An example of using this script to gather data is illustrated below; run gemm (the default) for single precision (default) square shapes for all power-of-2 sizes between 64 to 1024

F:\code\GitHub\kknox\bin\clBLAS\develop\vs10x64\package\bin64> python .\measurePerformance.py -s 64-1024:x2
A subdirectory or file perfLog already exists.
=========================MEASURE PERFORMANCE START===========================
Process id of Measure Performance:4988
Executing measure performance for label: None
Total combinations = 5
preparing command: 1
Executing Command: ['client.exe', '--gpu', '-m', '64', '-n', '64', '-k', '64', '--lda', '0', '--ldb', '0'
, '--ldc', '0', '--offA', '0', '--offBX', '0', '--offCY', '0', '--alpha', '1.0', '--beta', '1.0', '--order', '0', '
--transposeA', '0', '--transposeB', '0', '--side', '0', '--uplo', '0', '--diag', '0', '--function', 'gemm', '--prec
ision', 's', '-p', '10']
stdout:
BLAS kernel execution time < ns >: 168078
BLAS kernel execution Gflops < 2.0*M*N*K/time >: 3.11932

stderr:
        StatisticalTimer:: Pruning 0 samples from clfunc
        StatisticalTimer:: Pruning 0 samples from clGemm

Execution Successfull---------------

preparing command: 2
Executing Command: ['client.exe', '--gpu', '-m', '128', '-n', '128', '-k', '128', '--lda', '0', '--ldb',
'0', '--ldc', '0', '--offA', '0', '--offBX', '0', '--offCY', '0', '--alpha', '1.0', '--beta', '1.0', '--order', '0'
, '--transposeA', '0', '--transposeB', '0', '--side', '0', '--uplo', '0', '--diag', '0', '--function', 'gemm', '--p
recision', 's', '-p', '10']
stdout:
BLAS kernel execution time < ns >: 241691
BLAS kernel execution Gflops < 2.0*M*N*K/time >: 17.354

stderr:
        StatisticalTimer:: Pruning 0 samples from clfunc
        StatisticalTimer:: Pruning 0 samples from clGemm

Execution Successfull---------------

This generates a log file in the current directory that contains the details of all the parameters testes with the performance number

F:\code\GitHub\kknox\bin\clBLAS\develop\vs10x64\package\bin64> cat .\results2013-07-19T10.27.42.487000.txt
m,n,k,lda,ldb,ldc,offa,offb,offc,alpha,beta,order,transa,transb,side,uplo,diag,function,device,library,label,GFLOPS
64,64,64,0,0,0,0,0,0,1.0,1.0,row,none,none,left,upper,unit,sgemm,gpu,clblas,None,3.11932
128,128,128,0,0,0,0,0,0,1.0,1.0,row,none,none,left,upper,unit,sgemm,gpu,clblas,None,17.354
256,256,256,0,0,0,0,0,0,1.0,1.0,row,none,none,left,upper,unit,sgemm,gpu,clblas,None,82.6617
512,512,512,0,0,0,0,0,0,1.0,1.0,row,none,none,left,upper,unit,sgemm,gpu,clblas,None,327.464
1024,1024,1024,0,0,0,0,0,0,1.0,1.0,row,none,none,left,upper,unit,sgemm,gpu,clblas,None,867.143

This log file is then fed into the plotPerformance.py script, which consumes the records and plots the results in a graph.

plotPerformance.py

While the logfile generated from measurePerformance is sufficient for gathering performance data, it is nice to be able to generate plots with the data to be able to easily compare and contrast different sets of data.

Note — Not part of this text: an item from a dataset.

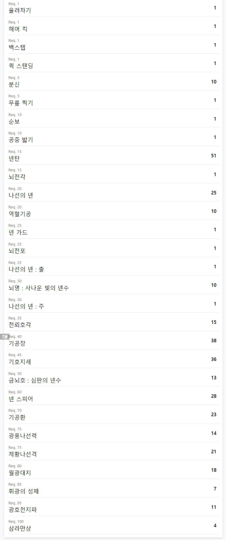 위는 던파 OFF에서 7월 12일 기준으로 랭커 6인의 남넨마스터 스킬트리 액티브입니다. 기본 전직 스킬인 '넨탄'을 6명의 플레이어 모두에게 동일하게 선택되었습니다. 그리고 '분신' 스킬을 보면 5명이 10개를 마스터를 하였고 1인은 1개만 선택되었습니다. 그리고 '뇌전포' 스킬을 선택하는 것과 하지 않는 것의 차이가 있습니다. 나머지 스킬은 플레이어 6명이 거의 동일합니다.
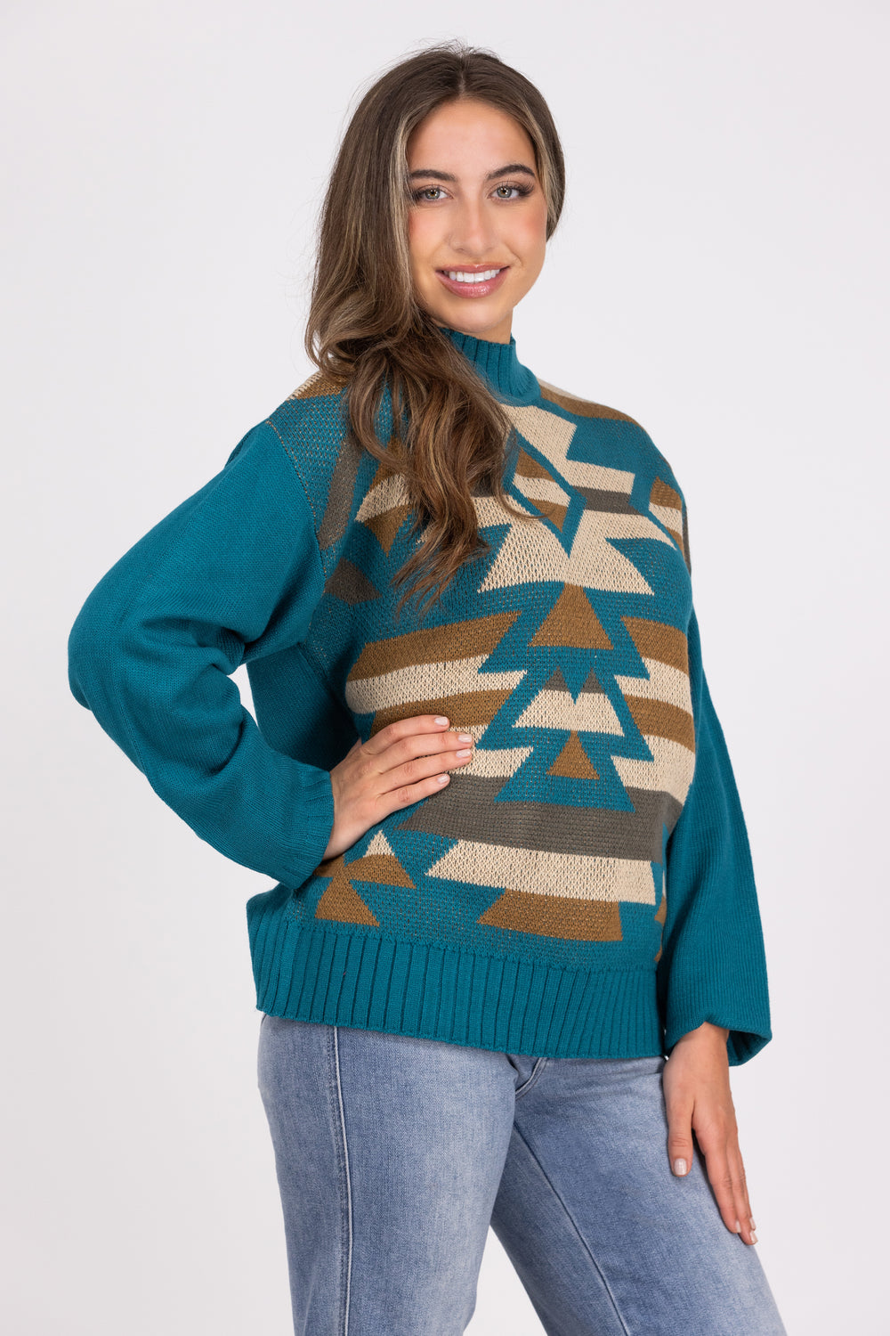 Climb higher than anyone else with the To the Mountain's Peak Sweater from Andree by Unit! This sweater features long sleeves, a mock neckline, and multi-color patterns. Pair with your favorite denim and ascend to new heights!

This is the purpose of plotPerformance.py; this python script uses the python matplotlib ( freely available ) library to either open a window into an interactive graph, or create an image file straight to disk. It provides for extensive help information with the --help parameter

F:\code\GitHub\kknox\bin\clBLAS\develop\vs10x64\package\bin64> python .\plotPerformance.py --help
usage: plotPerformance.py [-h] -d DATAFILE -x {sizem,sizen,sizek}
                                    [-y {gflops}]
                                    [--plot {lda,ldb,ldc,sizek,device,label,order,transa,transb,function,library}]
                                    [--title GRAPHTITLE]
                                    [--x_axis_label XAXISLABEL]
                                    [--x_axis_scale {linear,log2,log10}]
                                    [--y_axis_label YAXISLABEL]
                                    [--outputfile OUTPUTFILENAME]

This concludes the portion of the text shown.